Before you roll your eyes at the elementary nature of that observation, consider what I mean by negative people.
And, consider what I mean by “not good for me.”
Martin Seligman calls them pessimists. People who trade in “yeah, but” and “it will never work.” They are schooled in the feelings of unease and doubt. They perpetually scan the environment for threats and, unsurprisingly, always find them. Even in their most nascent forms, threats are exaggerated and nourished until they become reality for the pessimist. And in communicating their consternation they trigger the listener’s lymbic response to threat. They push the amygdaloid button and flip the flight alarm (or, in my case, the fight alarm). They sap us of our creative what-if energy. Our neurological-emotional systems are much faster than our creative-executive systems so when threatened they take control of our mind and body. The fear response, even when barely triggered, is a powerful force in the human brain circumventing judgement and creativity. Pessimistic people are afraid and create fear in others. They do not inspire critical thinking or enhance wisdom.
I heard the narrative for years: Negative people are critical thinkers. And their perspective is important, even valuable. We need their point of view, so the narrative goes, to make the best decisions and to formulate the most effective strategies. And I believed that narrative for a while. For far too long, actually. Until it occurred to me a decade ago that critical thinking and cautious perspectives can also be obtained from people who are not governed by smoldering fear.
Pessimistic people have an explanatory style grown out of a lifetime of worry and subtle, foreboding fear. Their life-lenses are tinted with a dreadful hue. Defaulting to what “has been,” their role in flights of creativity is to emphasize the unrelenting gravitational pull of “reality.” They bore small holes in the neurology of vision and hope. In the best of situations they are slow leaks in the ships of adventure and achievement. In the worst case they are Dream Vampires.

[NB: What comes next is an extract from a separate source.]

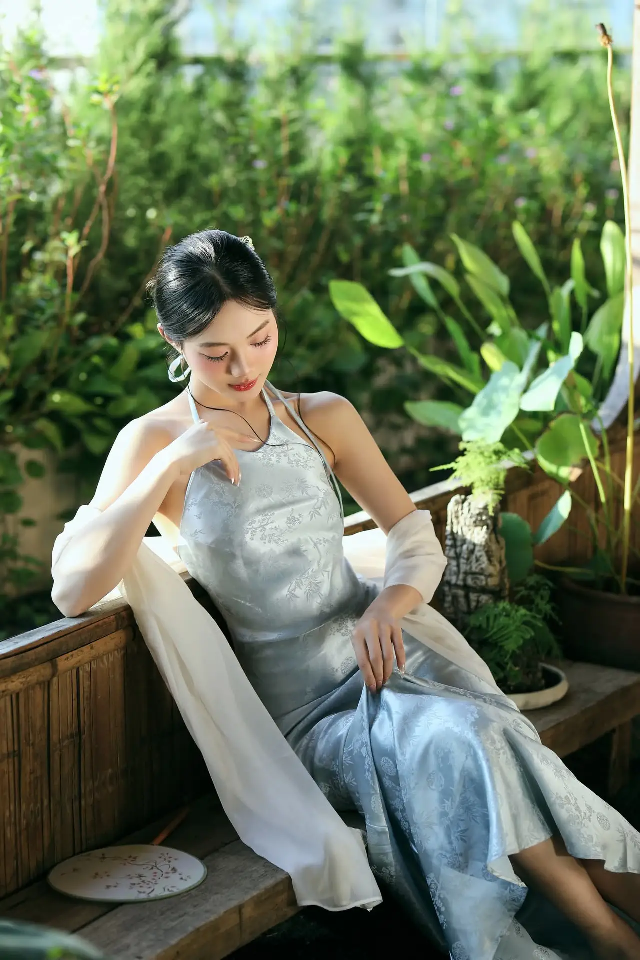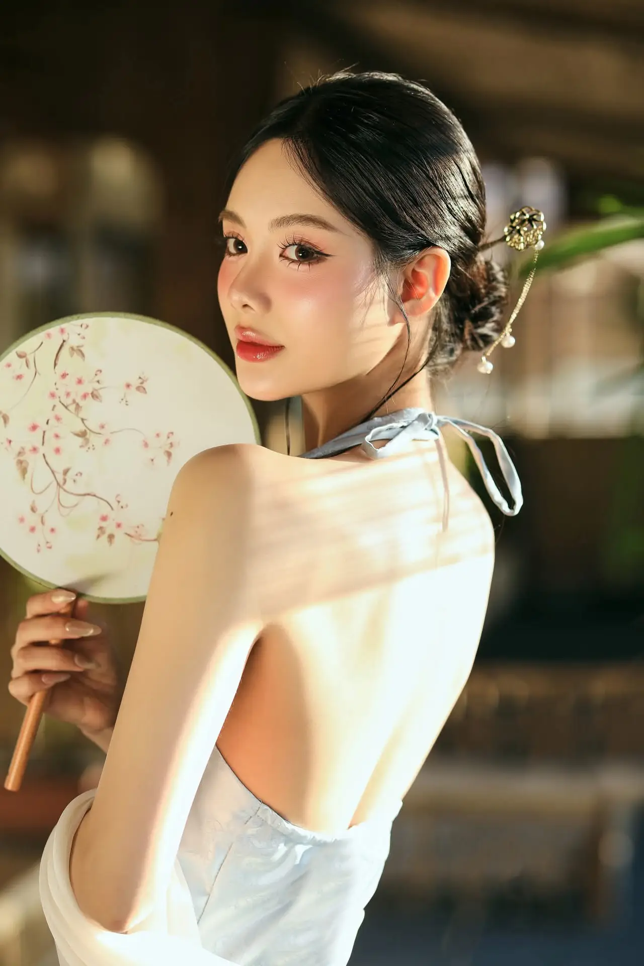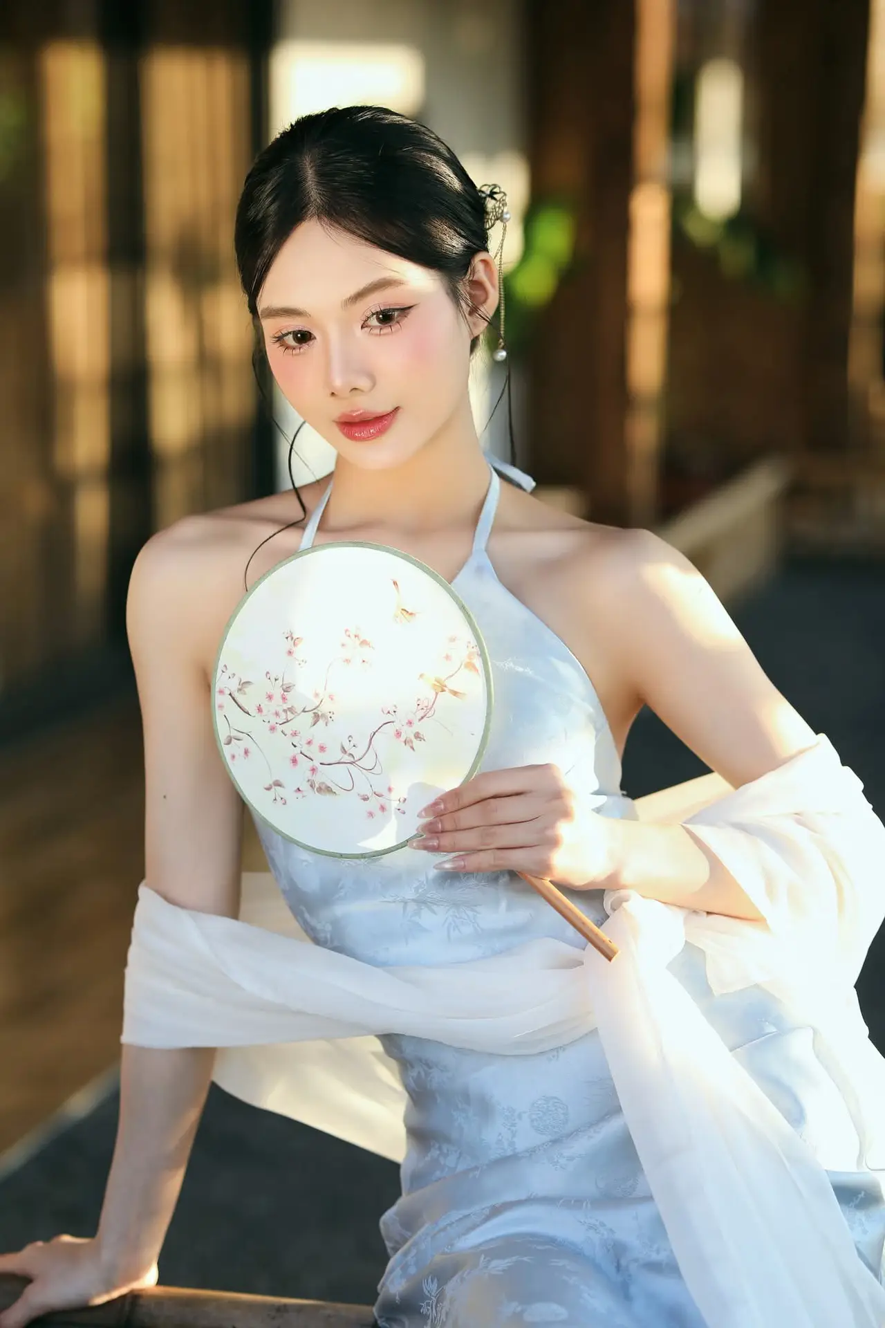 This photograph beautifully captures an East Asian girl with a delicate and graceful beauty. She wears a light, modernized traditional attire that highlights her elegant bare shoulders and refined style. Her dark hair is styled up, adorned with an exquisite hair ornament, further emphasizing a classic yet contemporary charm. Her gentle gaze carries a hint of contemplation, adding emotional depth to the image. Warm natural light streaming from the window illuminates her smooth skin and harmonious facial features. The entire scene exudes tranquility, elegance, and timeless beauty, leaving viewers captivated by the compelling aura of the subject. It is a perfect blend of tradition and modern flair.#EastAsianBeauty #ModernTraditionalWear #GracefulCharm #HairOrnament #ElegantStyle

I know this seems harsh. If so, my next thought is downright severe: Get away from them. Get them off your teams. Uninvited them from planning and problem-solving meetings. Drop them from interview panels. I’m not saying they are worthless human beings. I am saying they are the most expensive people on project. They are hidden coral reefs in the sea of opportunity. As difficult as it may be to see them and their impact, once you see it, move on without them.
Then surround yourself with people enthused about the What and Why and engaged in the How. Build your teams with gritty, persistent, tenacious and resilient people full of the love of what is and what can be. Read their emails, listen to their podcasts, drink their Scotch (thank you Robert Alt).
This strategic shift in my life has paid off. My companies are populated with enthusiastically creative people at every position. They brim with messy innovation. Threats, real ones, are turned into opportunities. Weaknesses are humorously shored up. Confusion and conflict fuel genius.
We’ve said No to pessimists and jumped into the cold lakes of challenge only to emerge time and time again reinvigorated and giddy with possiblility realized.
Take stock. If you have pessimists on your team, study their impact. If you discover they are not really pessimists but just having a “bad hair day,” coach them, encourage them and move on. But if they are Vampires preying on hope, if their bad hair day has lasted two years, it’s time to move on. You have to much to create, too many gold nuggets to discover, to wait another month.